For the \(p_T\) distribution in Fig. 3a, the change of the scale of the bottom contribution to \(Q_b=m_b\) has a significant impact on the mass effects at small and intermediate transverse momenta. It develops an extremely steep drop at small transverse momenta which due to unitarity affects also the intermediate \(p_T\)-range in the opposite direction. The benefit of the usage of such a low scale is clearly disputable. While the Herwig6 curve agrees rather well with previous result of Ref. [111] becoming flat for \(p_T\lesssim 5\) GeV, the Pythia8 curve develops a steep increase in this region. This signals a significant Monte Carlo dependence at very small \(p_T\) which is not observed for larger \(Q_b\) scales. Furthermore, the rigorously low value also poses a technical problem in the code regarding the fact that the default shower scale choice in MadGraph5_aMC@NLO, as explained in Sect. 3.3, is a distribution. In order to solve this problem, we had to use a fixed value of \(Q_{\text {sh}}=Q_b\) by setting \(\mathtt{frac\_low}=\mathtt{frac\_upp}=Q_b/m_{h}\) and \(\mathtt{scaleMClow}=\mathtt{scaleMCdelta}=0\).

Considering the HMW scales, the scale of the bottom contribution is not chosen at such low values. We find that the mass effects in this case (blue dashed line with points) are rather similar to the ones where all scales are set to \(m_{h}/2\) (black solid line), although the individual HMW scales being quite different from this value. Looking at the rapidity distribution in Fig. 3b, on the other hand, we observe the expected feature of being essentially insensitive to any choice of the respective shower scales. We shall note at this point that simply due to their inclusion in the default analysis we were able to produce a large number of further observables at no additional computing cost.

To demonstrate the range of applicability of aMCSusHi, we consider two realistic BSM scenarios in Figs. 4 and 5: the heavy Higgs boson in Scenario B of Ref. [113] (a bottom dominated 2HDM scenario); and the pseudo-scalar Higgs boson in the \(m_h^{\text {mod}+}\) (800, 40) MSSM scenario [114] defined in Table 2 of Ref. [72]. The corresponding input files can be found in the folder \(\langle \)ggH-folder\(\rangle \)/Cards.

Fig. 4
figure 4

Transverse momentum distribution of a the heavy Higgs boson and b the associated hardest jet computed in a bottom dominated scenario of the 2HDM (see text for details).
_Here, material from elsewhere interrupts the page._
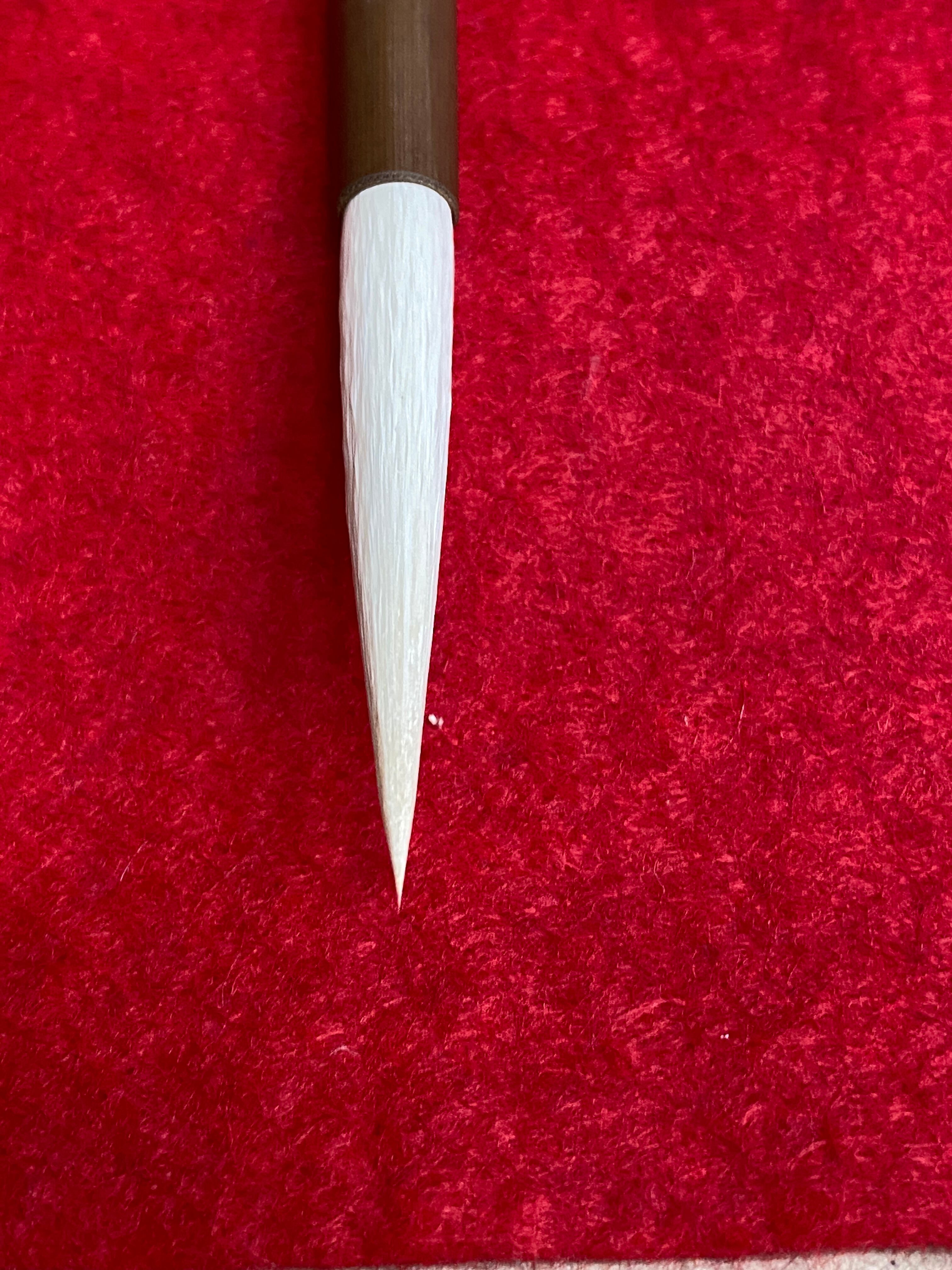以前、お試し筆大会をやったところ、評価が高かった筆で、やはり古い羊毛なのである程度のコシがありつつ羊毛の良さも出ているところと当時のままの価格も相まって好評をいただきまして、そろそろ欠品かな〜と思っています、、、もう一度作ると倍ぐらいかかると言われたので、これで終了かと思っております。

The graphical notation is the following: the black solid curve shows Pythia8 at NLO \(+\) PS, the red dotted curve is the same at LO \(+\) PS (normalized the NLO) and the blue dashed one with points corresponds to the fixed-order curve at NLO

Fig. 5
figure 5

Rapidity distribution of a the pseudo-scalar Higgs boson and b the associated hardest jet computed in the \(m_h^{\text {mod}+}\) scenario [114] of the MSSM with \(M_A=800\) GeV und \(\tan \beta =40\). The graphical notation is the same as in Fig. 4. All curves are normalized so that their bins add up to 1

In Fig. 4 we study the transverse momentum distributions of the Higgs and the hardest jet, while Fig. 5 depicts their rapidity distributions. In both cases we apply the HMW scales of Ref. [72]. At low transverse momenta the \(p_T\) distributions have similar shapes comparing the red dotted (LO \(+\) PS) to the black solid curves (NLO \(+\) PS). This can easily be inferred from the first inset where all curves are normalized to the black solid line in the main frame. However, it is well known that at the LO \(+\) PS \(p_T\) distributions yield unphysical results for transverse momenta beyond the shower scales indicated by a steep drop. Note that both curves are normalized to the same (the NLO) cross section. Continuing the comparison at hand, we observe a significant reduction of the scale uncertainties shown in the lower inset, where the bands are obtained by dividing the upper and lower bound of the respective cross section by the same central cross section as in the first inset. The uncertainties correspond to the independent variation of all unphysical scales (\(\mu _\mathrm{R}\), \(\mu _\mathrm{F}\), \(Q_t\), \(Q_b\), \(Q_{tb}\)) by a factor of two. Comparing NLO \(+\) PS to the NLO fixed-order result denoted by fNLO, we observe the expected matching toward large transverse momenta.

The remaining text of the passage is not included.